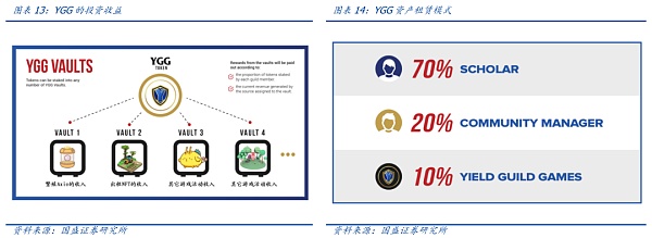 YGG GAMES的核心業務是投資游戲資產、租賃游戲裝備與培養游戲玩家。該 DAO 旨在通過投資區塊鏈游戲賺取游戲資產、培養游戲玩家、租賃游戲資產,以及打造增強元宇宙虛擬經濟的商業模式,推動創建全球最大的虛擬世界經濟體。YGG GAMES主動管理其社區擁有的資產,獲得最大效用,并與社區分享這些資產的利潤。YGG GAMES主要依靠投資、租賃、玩家培訓為一體的盈利模式。公會將投資的數字資產租賃給玩家,從而降低了游戲的進入門檻,同時有專門的經理負責玩家的培訓和社區的發展。公會為會員提供游戲裝備,會員在游戲中的收益按照7:2:1的比例分給會員、經理和社區。根據游戲公會于8月12日發布的社區公示,目前公會已有超過4000名打金學徒,他們絕大部分都來自菲律賓、印度尼西亞、巴西等發展中國家。這些學徒租賃游戲裝備參與游戲打金,在7月份游戲中產出了約合三百萬美元的游戲資產。
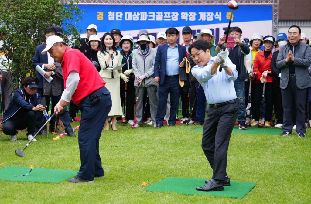 강기정 광주시장이 7일 오후 북구 첨단대상파크골프장 개장식에 참석, 내빈들과 시타를 하고 있다. [사진 제공=광주시]
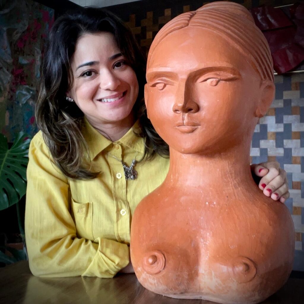 Além de produzir esculturas e pinturas, ministra cursos on-line e presenciais em seu ateliê localizado em Nova Petrópolis-RS.
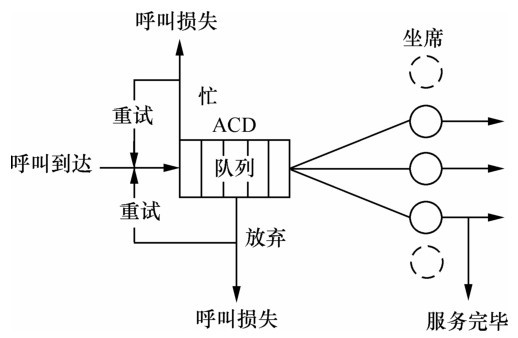 所有的呼叫中心都可簡單地抽象的排隊模型如圖所示:

....

Copy exactly, and only, the lines from the first line of the material through the line that contains "강기정 광주시장이 7일", both ends kept; no pictures.

Answer for this exercise:
 YGG GAMES的核心業務是投資游戲資產、租賃游戲裝備與培養游戲玩家。該 DAO 旨在通過投資區塊鏈游戲賺取游戲資產、培養游戲玩家、租賃游戲資產,以及打造增強元宇宙虛擬經濟的商業模式,推動創建全球最大的虛擬世界經濟體。YGG GAMES主動管理其社區擁有的資產,獲得最大效用,并與社區分享這些資產的利潤。YGG GAMES主要依靠投資、租賃、玩家培訓為一體的盈利模式。公會將投資的數字資產租賃給玩家,從而降低了游戲的進入門檻,同時有專門的經理負責玩家的培訓和社區的發展。公會為會員提供游戲裝備,會員在游戲中的收益按照7:2:1的比例分給會員、經理和社區。根據游戲公會于8月12日發布的社區公示,目前公會已有超過4000名打金學徒,他們絕大部分都來自菲律賓、印度尼西亞、巴西等發展中國家。這些學徒租賃游戲裝備參與游戲打金,在7月份游戲中產出了約合三百萬美元的游戲資產。
 강기정 광주시장이 7일 오후 북구 첨단대상파크골프장 개장식에 참석, 내빈들과 시타를 하고 있다. [사진 제공=광주시]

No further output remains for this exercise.